2.1.1 Cents, or non-cents?

Probably the most confusing part, at first. Luckily, the presence of the TotalValue_heritage and TotalValue_ebay columns allowed for checking that indeed revealed that some columns were whole dollar values, and others included cents.

Result set:

After verifying which was which, I dropped those totals columns for the remainder of the exploration.

2.1.2 Making the data more familiar Introducing mutant aliases

I also wanted to make it a more fun/engaging exploration for myself (at first), so I did additional research into whom these names belonged to. Of course I was familiar with the likes of Charles Xavier and Jean Grey, but I learned, through this exercise, that Wolverine’s surname was Howlett (!!!).

Realising that I can’t be the only casual that might be interested in exploring the data that would benefit from the inclusion of more familiar identifiers, I collected mutant names and inserted them into the table:

2.1.3 Generating the cleaned table

This is the query I wrote to generate a table that:

column names are all lowercase and consistent in format (subject > year > outlet)
dropped columns that were now considered out-of-scope
removed currency and percentage symbols to make values numeric
replaced the comma in the values with a decimal point instead
rounded dollar amounts to two decimal places to reflect ‘real’ money

Apart from data cleaning and standardization, this also makes it easier to plug the data into things like dashboards that rely on established patterns to minimise spot-fixes/solutions to work with the data in cases like formatting and interactivity.

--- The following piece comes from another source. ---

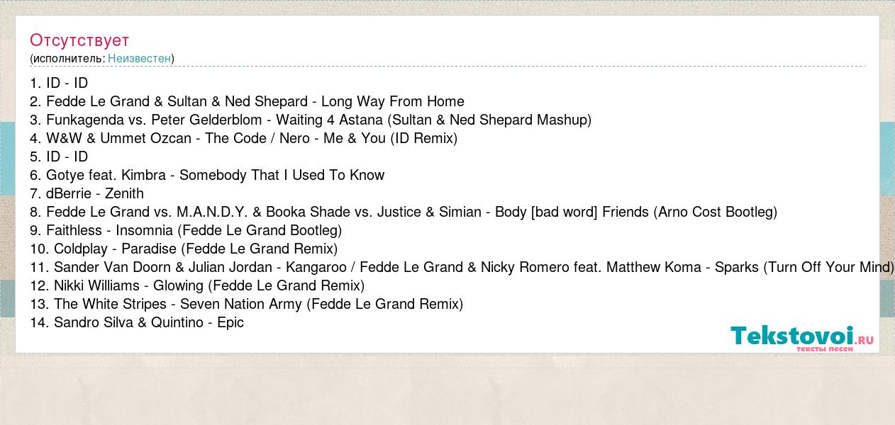 1. ID - ID 2. Fedde Le Grand & Sultan & Ned Shepard - Long Way From Home 3. Funkagenda vs. Peter Gelderblom - Waiting 4 Astana (Sultan & Ned Shepard Mashup) 4. W&W & Ummet Ozcan - The Code / Nero - Me & You (ID Remix) 5. ID - ID 6. Gotye feat. Kimbra - Somebody That I Used To Know 7. dBerrie - Zenith 8. Fedde Le Grand vs. M.A.N.D.Y. & Booka Shade vs. Justice & Simian - Body Metrum Friends (Arno Cost Bootleg) 9. Faithless - Insomnia (Fedde Le Grand Bootleg) 10. Coldplay - Paradise (Fedde Le Grand Remix) 11. Sander Van Doorn & Julian Jordan - Kangaroo / Fedde Le Grand & Nicky Romero feat. Matthew Koma - Sparks (Turn Off Your Mind) 12. Nikki Williams - Glowing (Fedde Le Grand Remix) 13. The White Stripes - Seven Nation Army (Fedde Le Grand Remix) 14. Sandro Silva & Quintino - Epic

Result set (first few columns):

Resulting table after cleaning, including the mutant name, all values formatted consistently to two decimal places where applicable

2.2 Importing cleaned data into RStudio for visualization

With the table cleaned, visualisation is the next step. Recently I’ve been making Quarto-friendly templates for ECharts4R and posting one weekly as a way of sharing what I learn, and a form of accountability. A benefit of this (and the timing) is that I had a radar chart template ready to be adapted that I thought would really suit this particular project.

2.2.1 Visualising central tendencies (abandoned driver)

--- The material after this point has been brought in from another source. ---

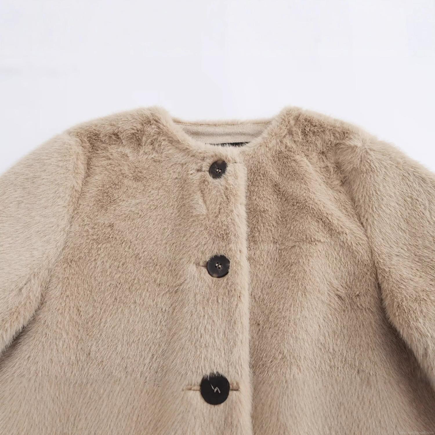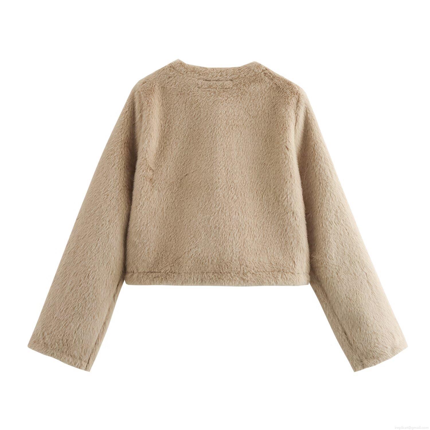 Women's Faux Fur Jacket Winter Warm Short Coat Solid Color Round Neck Single Breasted Outerwear For Lady Casual Streetwear Autumn Outfits

Very early in this project, I had an idea to use central tendencies as an anchor to designate a class for each mutant depending on where they situated relative to a given central tendency.

Ultimately, I moved away from this being the main driver of the project because I didn’t really have a concrete view of what “the game” was. Scaling down to just wanting to get familiar with how each mutant compared with one another was insulated enough without having to worry too much about rules that could have been anything..

That’s a concern for when the game is finally defined and the rules of the environment/arena are made clear.

Insights

Because this entry is already quite long, I want to limit this section (important as it is) to what I think has been the highlight for me overall. Things like which mutant performed best in which outlet/decade, and what the most expensive issue price is will be covered in the project notebook/report once that’s done.

Right now, I’d like to share something I discovered/noticed when the tool was virtually complete and I was flexing it to see if there were and adjustments needed before calling the project done.

3. The Total Value x PPI Inversion

Something the visualisation does a nice job of pointing out is that a mutant having a relatively high total_value can have a lower ppi (price per issue) by comparison to another mutant, and vice versa.

This information can be useful in a multi-round situation where you’re either selecting for a total_value that’s not-so-high across the four outlets, but the ppi sits well above average - making it a good pick in ppi face-offs.

3.1 The extent of the Inversion

I was interested in seeing how prevalent this relationship is. One way to explore this was using the tool itself to read the graphs, jotting down the results, but I wanted to see if I could do this by plotting a graph to see if there really was a correlation between the two metrics.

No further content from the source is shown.